All of our recent talk about bravery sparked my interest in habits. Is developing bravery really as simple as making it part of your daily routine? Could brave actions become as hardwired as brushing your teeth first thing in the morning, or looking both ways before you cross the street? I turned to The Power of Habit by Charles Duhigg to help me learn why we do what we do.

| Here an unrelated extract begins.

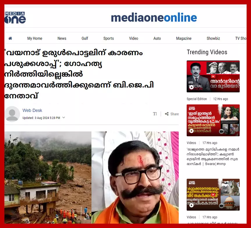 വയനാട് മുണ്ടക്കൈ, ചൂരല്മല തുടങ്ങിയ സ്ഥലങ്ങളില് ഉണ്ടായ ഉരുള്പൊട്ടല് ദുരന്തത്തിന് പിറകെ ചില ഉത്തരേന്ത്യന് ഹിന്ദുത്വ സാമൂഹ്യമാധ്യമങ്ങള് നടത്തിയ വംശീയ പ്രചരണങ്ങള് ഇങ്ങനെ: വയനാട്ടിലെ ദുരന്തം രാഹുല് ഗാന്ധിയെ ജയിപ്പിച്ചവര്ക്കുള്ള മറുപടിയാണ്. ബീഫ് ഭക്ഷിച്ചതിനുള്ള ശിക്ഷ, ഹിന്ദിയെ അം ഗീകരിക്കാതിരിക്കല്, ക്രിസ്തുമതത്തെ പിന്തുടരല്, ബിജെപിയെ വിജയിപ്പിക്കാതിരിക്കല്, ഫലസ്തീനോട് ഐക്യദാര്ഢ്യം പ്രകടിപ്പിച്ചത് തുടങ്ങിയവയാണ് മറ്റു വിമര്ശനങ്ങള്. ഹിന്ദുത്വ ഫാസിസ്റ്റ് പ്രചാരണ മാധ്യമമായ തത്വ ഇന്ത്യയുടെ കമന്റ് സെക്ഷനിലാണ് കേരളത്തെയും മുസ്ലിംകളെയും അവഹേളിക്കും വിധത്തിലുള്ള കമന്റുകള് നിറഞ്ഞത്. ദൈവത്തിന്റെ സ്വന്തം നാടിനോട് ദൈവത്തിന് പോലും താല്പര്യമില്ലെന്നാണ് ചിലരുടെ ആക്ഷേപം. വയനാട്ടില് നടന്ന ദുരന്തം മലപ്പുറത്തായിരുന്നു സംഭവിക്കേണ്ടിയിരുന്നതെന്നും അവിടെ കത്വ ജനസംഖ്യ കൂടുതലാണെന്നും തുടങ്ങി വിദ്വേഷം നിറഞ്ഞ നിരവധി കമന്റുകളാണ് സമൂഹമാധ്യമങ്ങളില് ഹിന്ദുത്വവാദികള് പങ്കുവെക്കുന്നത്. (മാധ്യമം ദിനപത്രം, ജൂലൈ 31, 2024)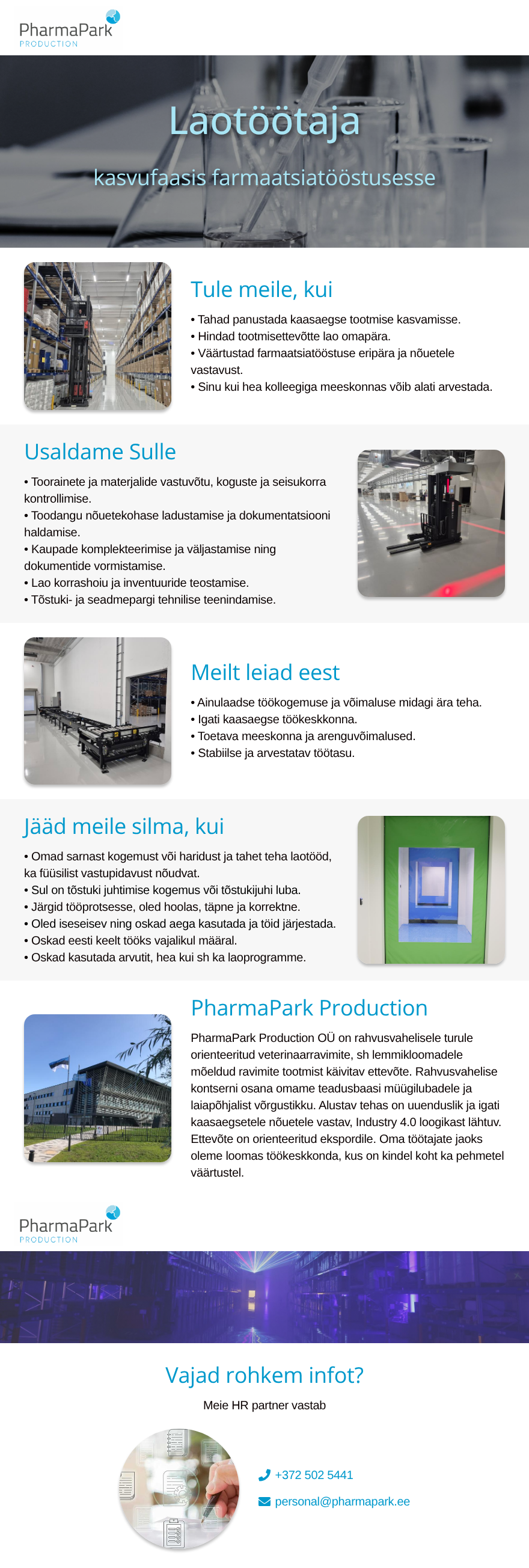 Pharmapark Production OÜ on rahvusvahelisele turule orienteeritud veterinaarravimite, sh lemmikloomadele mõeldud ravimite tootmist käivitav ettevõte. Rahvusvahelise kontserni osana omame teadusbaasi müügilubadele ja laiapõhjalist võrgustikku. Kasvufaasis tehas on uuenduslik ja igati kaasaegsetele nõuetele vastav, Industry 4.0 loogikast lähtuv. Ettevõte on orienteeritud ekspordile. Oma töötajate jaoks oleme loomas töökeskkonda, kus on kindel koht ka pehmetel väärtustel.

There are two main lessons to understand about habits, which the book dubs the Habit Loop and Golden Rule of Habit Change. The Habit Loop is hardwired into our brain and consists of a cue, routine, and reward. What does this look like in daily life? For example, I found myself unwittingly creating a habit of stopping by a co-worker's office and taking a piece of candy from the jar she keeps on her desk for guests. We'd talk, and I'd enjoy the candy on my way back to my desk. The cue of needing to talk to this colleague set me into the routine of eating candy, regardless of whether I was hungry. The reward of sugar made it easier and easier to continue this habit. Before long, I wouldn't need a cue to suddenly want chocolate when she and I would talk!
If I did the math about how many calories I consume unnecessarily each week through this habit, I'll need to apply the Golden Rule to change my behavior. Unfortunately there is no set formula that will guarantee results, rather this principle is about the importance of awareness and trying to replace the old habit with a new, more intentional one. The Rule states that if you keep the initial cue, replace the routine, and keep the reward, change will eventually occur. The answer to the dilemma of how to stop eating candy during the work day isn't as simple as just stopping through sheer willpower. The neurological pathways of habit are so strong that a decision alone often isn't enough to change the routine. However, the routine can replaced.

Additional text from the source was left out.